%%
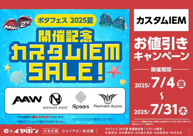 【ポタフェス 2025夏 開催記念】最大20%OFF!!カスタムIEMセール! – イヤホン・ヘッドホン専門店eイヤホンのブログ
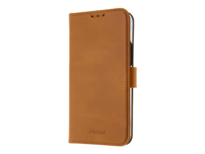 Insmat Exclusive Flip Case - Lommebok for mobiltelefon - ekte skinn, polykarbonat, bomullssting, kartong+papir - brun - for Apple iPhone 14 Pro
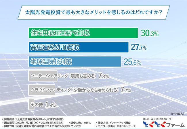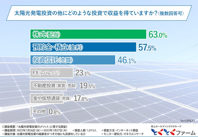 そこで今回、太陽光発電事業のセカンダリー市場サイト『とくとくファーム』(https://wajo-holdings.jp/farm/)を運営する株式会社和上ホールディングス(https://wajo-holdings.jp/)は、太陽光発電投資の経験者かつその他にも投資をしている方を対象に、「太陽光発電投資のメリット」に関する調査を実施しました。
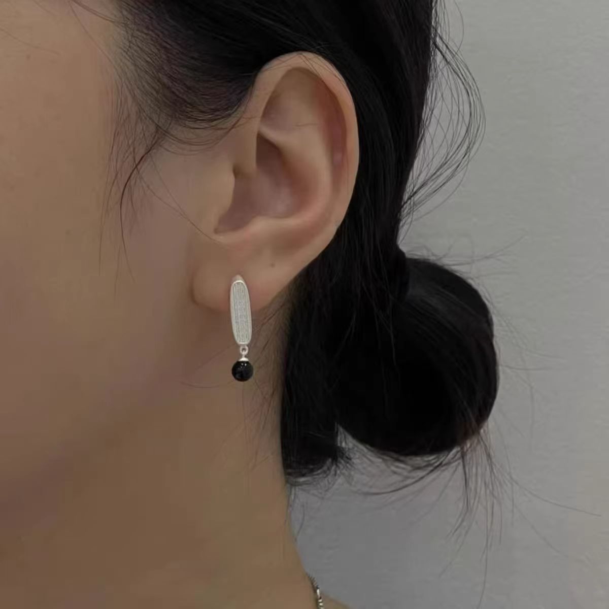 新款豆豆同款耳钉女黑玛瑙耳环冬季高级感简约百搭小众耳坠耳饰
%%
#### TASK TO CARRY OUT
The answer must be the full listing retyped exactly, with no pictures in it.

#### OUTPUT
 【ポタフェス 2025夏 開催記念】最大20%OFF!!カスタムIEMセール! – イヤホン・ヘッドホン専門店eイヤホンのブログ
 Insmat Exclusive Flip Case - Lommebok for mobiltelefon - ekte skinn, polykarbonat, bomullssting, kartong+papir - brun - for Apple iPhone 14 Pro
 そこで今回、太陽光発電事業のセカンダリー市場サイト『とくとくファーム』(https://wajo-holdings.jp/farm/)を運営する株式会社和上ホールディングス(https://wajo-holdings.jp/)は、太陽光発電投資の経験者かつその他にも投資をしている方を対象に、「太陽光発電投資のメリット」に関する調査を実施しました。
 新款豆豆同款耳钉女黑玛瑙耳环冬季高级感简约百搭小众耳坠耳饰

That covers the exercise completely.